Sin embargo, un alto responsable de planeamiento del Pentágono me asegura que ha visto escasos indicios de que el presidente esté dispuesto a autorizar una retirada sustancial de tropas si creyera que eso iba a obstaculizar la guerra contra la insurgencia. En la actualidad, la Casa Blanca y el Pentágono están estudiando varias propuestas; la más ambiciosa supone la reducción de las fuerzas de combate estadounidenses de 155.000 soldados a menos de 80.000 antes del próximo otoño, y la retirada de todas las fuerzas oficialmente consideradas "de combate" antes del verano de 2008. En la práctica, dice el responsable de planeamiento, "los planes de repliegue que conozco tienen en cuenta las circunstancias y los acontecimientos, y no establecen un plazo de tiempo específico"; es decir, dependen de la capacidad del nuevo Gobierno iraquí de derrotar a los rebeldes. (Un portavoz del Pentágono ha explicado que el Gobierno no ha tomado ninguna decisión y que no tiene "ningún plan de retirada, sólo un plan para completar la misión").

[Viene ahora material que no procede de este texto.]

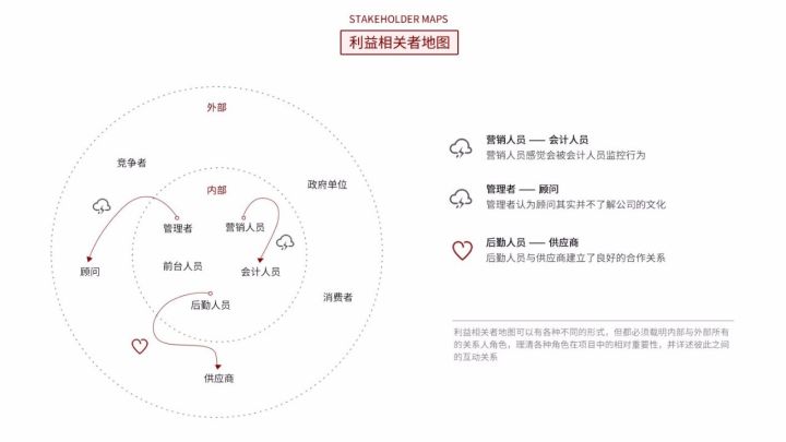 利益相关者地图能帮助我们站在更加宏观的角度思考问题,思考所有利益关系者所带来的影响,而不仅仅着眼于顾客和服务提供者本身。
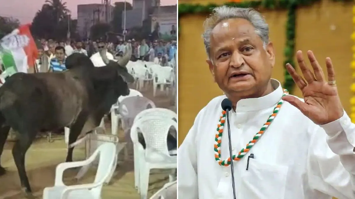 अशोक गहलोत ने माहौल ठीक होते ही सभा को संबोधित करना शुरू किया और बीजेपी को कोसा। गहलोत ने कहा, ''ये गाय और सांड जो है मैं बचपन से देखता आ रहा हूं। जब कभी कांग्रेस की मीटिंग होती है तो ये बीजेपी वाले सांड या गाय को भेज देते हैं मीटिंग को डिस्टर्ब करने के लिए। ये कोई नई बात नहीं है।'' उन्होंने अफरातफरी को देखते हुए लोगों को समझाते हुए कहा, ''आपलोग शांत रहो, ये लोग इसे निकाल देंगे चुपचाप। ये फितरत है बीजेपी वालों की...गायों को, सांडों को भेज देते हैं कांग्रेस की मीटिंग में।'' थोड़ी देर बाद सांड निकल जाता है।

Un elemento clave de los planes de repliegue, que el presidente no menciona en sus declaraciones públicas, es que los soldados estadounidenses que se vayan serán sustituidos por el uso de la fuerza aérea. Se considera que unos ataques rápidos y letales llevados a cabo por aviones de combate servirán para mejorar radicalmente la capacidad de combate de las unidades iraquíes, incluso de las más débiles. El peligro, me cuentan algunos expertos militares, es que, si bien el número de bajas estadounidenses disminuiría a medida que se retiren las tropas de tierra, el nivel global de violencia y el número de víctimas iraquíes aumentarían si no se ejercen controles estrictos sobre quién bombardea qué.

"No estamos planeando disminuir la intensidad de la guerra", explica Patrick Clawson, subdirector del Instituto de Política para Oriente Próximo, en Washington. Las opiniones de Clawson suelen reflejar las ideas del entorno del vicepresidente Dick Cheney y el secretario de Defensa, Donald Rumsfeld. "Sólo queremos modificar la combinación de las fuerzas de combate, para que consistan en infantería iraquí, apoyo estadounidense y un mayor uso del poderío aéreo. En la actualidad, la norma es que las fuerzas iraquíes sólo entren en combate en los sitios en los que están seguras de ganar. El ritmo de participación y retirada depende de su éxito en la batalla".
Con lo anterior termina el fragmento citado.